• It’s Ozu’s first talkie and one of Ebert’s great movies—it’s the best Ozu I’ve seen to date along with floating weeds (1934) as it is his most rigid stylistically
  • His famous pillow shots—starts film with a lantern before a montage—he goes back to the lantern often here but to the floating laundry- most- I counted 7-8 times going to that laundry
  • Sedentary camera
  • From ebert” He tells these stories within a visual frame so distinctive that I believe you can identify any Ozu film after seeing a shot or two, sometimes even from a still. How he came upon his approach I don’t know, but you see it fully mature even in his silent films. For Ozu, all depends on the composition of the shot.
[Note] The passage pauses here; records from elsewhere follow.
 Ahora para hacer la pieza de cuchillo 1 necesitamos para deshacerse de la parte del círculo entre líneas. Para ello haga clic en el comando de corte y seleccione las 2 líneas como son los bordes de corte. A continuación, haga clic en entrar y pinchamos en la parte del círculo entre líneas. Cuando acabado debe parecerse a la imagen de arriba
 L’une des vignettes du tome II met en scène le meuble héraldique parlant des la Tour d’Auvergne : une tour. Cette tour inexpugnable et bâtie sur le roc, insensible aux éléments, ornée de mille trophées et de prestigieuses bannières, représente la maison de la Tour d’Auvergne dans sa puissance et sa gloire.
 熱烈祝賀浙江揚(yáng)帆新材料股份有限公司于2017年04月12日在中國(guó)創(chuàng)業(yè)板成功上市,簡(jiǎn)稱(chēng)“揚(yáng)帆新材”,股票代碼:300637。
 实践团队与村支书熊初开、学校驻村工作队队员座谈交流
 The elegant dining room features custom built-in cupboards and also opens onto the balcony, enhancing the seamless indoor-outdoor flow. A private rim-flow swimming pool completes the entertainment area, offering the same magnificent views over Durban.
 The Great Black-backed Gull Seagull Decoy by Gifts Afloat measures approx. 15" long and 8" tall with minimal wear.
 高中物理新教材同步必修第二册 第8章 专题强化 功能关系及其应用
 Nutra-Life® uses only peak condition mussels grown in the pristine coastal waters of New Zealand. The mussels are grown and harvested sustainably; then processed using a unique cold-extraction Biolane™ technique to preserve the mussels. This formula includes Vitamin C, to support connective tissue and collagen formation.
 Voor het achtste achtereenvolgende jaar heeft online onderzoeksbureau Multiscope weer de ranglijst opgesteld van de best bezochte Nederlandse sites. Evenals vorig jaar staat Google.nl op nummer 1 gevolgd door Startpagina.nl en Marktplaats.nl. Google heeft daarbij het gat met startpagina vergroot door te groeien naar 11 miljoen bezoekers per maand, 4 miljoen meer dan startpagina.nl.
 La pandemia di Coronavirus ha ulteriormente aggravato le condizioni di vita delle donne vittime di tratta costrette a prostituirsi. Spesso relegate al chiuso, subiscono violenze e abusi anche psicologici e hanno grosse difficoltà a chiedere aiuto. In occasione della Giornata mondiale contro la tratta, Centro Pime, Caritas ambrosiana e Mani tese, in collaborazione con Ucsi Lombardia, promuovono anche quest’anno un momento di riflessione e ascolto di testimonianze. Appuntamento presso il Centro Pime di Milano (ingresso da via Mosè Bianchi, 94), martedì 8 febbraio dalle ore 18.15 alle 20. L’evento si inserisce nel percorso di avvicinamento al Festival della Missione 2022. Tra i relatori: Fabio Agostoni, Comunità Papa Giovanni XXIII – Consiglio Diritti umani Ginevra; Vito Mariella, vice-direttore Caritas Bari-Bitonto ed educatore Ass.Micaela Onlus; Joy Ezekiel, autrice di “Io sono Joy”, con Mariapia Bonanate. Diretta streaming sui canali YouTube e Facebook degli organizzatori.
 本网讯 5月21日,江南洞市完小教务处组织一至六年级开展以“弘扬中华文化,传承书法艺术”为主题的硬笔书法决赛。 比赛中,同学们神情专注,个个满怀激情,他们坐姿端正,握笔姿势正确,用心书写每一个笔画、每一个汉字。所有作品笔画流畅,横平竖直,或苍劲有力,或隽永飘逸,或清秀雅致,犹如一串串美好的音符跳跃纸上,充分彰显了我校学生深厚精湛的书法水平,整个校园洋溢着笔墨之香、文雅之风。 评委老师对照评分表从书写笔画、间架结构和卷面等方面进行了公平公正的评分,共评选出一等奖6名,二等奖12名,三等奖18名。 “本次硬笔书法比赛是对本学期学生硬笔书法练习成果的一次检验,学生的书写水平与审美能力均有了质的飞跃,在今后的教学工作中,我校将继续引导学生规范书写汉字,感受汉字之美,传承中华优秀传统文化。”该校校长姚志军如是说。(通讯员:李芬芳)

He almost never moves his camera. He usually shoots from the eye level of a person seated on a tatami mat. He often begins shots before characters enter, and holds them after they leave. He separates important scenes with “pillow shots” of exterior architectural or landscape details. He uses evocative music, never too loud. I have never seen him use violence. When violence occurs, people commit it within themselves.Chishu Ryu — the teacher who, after moving to Tokyo, fails to realize his own dreams and, as the son bitterly tells his mother, is “reduced to frying pork cutlets.” This was Ryu’s seventh film for Ozu. In all he was to appear in 52 of Ozu’s 54 films, between 1929 and 1962. He is the old father in “Tokyo Story” (1953). A reminder that we’re watching along with Ozu is his little tea pot. In every film of his I’ve seen, a small tea pot appears here or there in most of the interior scenes. It has a way of moving around, not that you’d notice that. A little unremarkable tea pot. In his first color film, we discovered it was red. Of course it was. On a Japanese scroll, red is the color of the artist’s mark. 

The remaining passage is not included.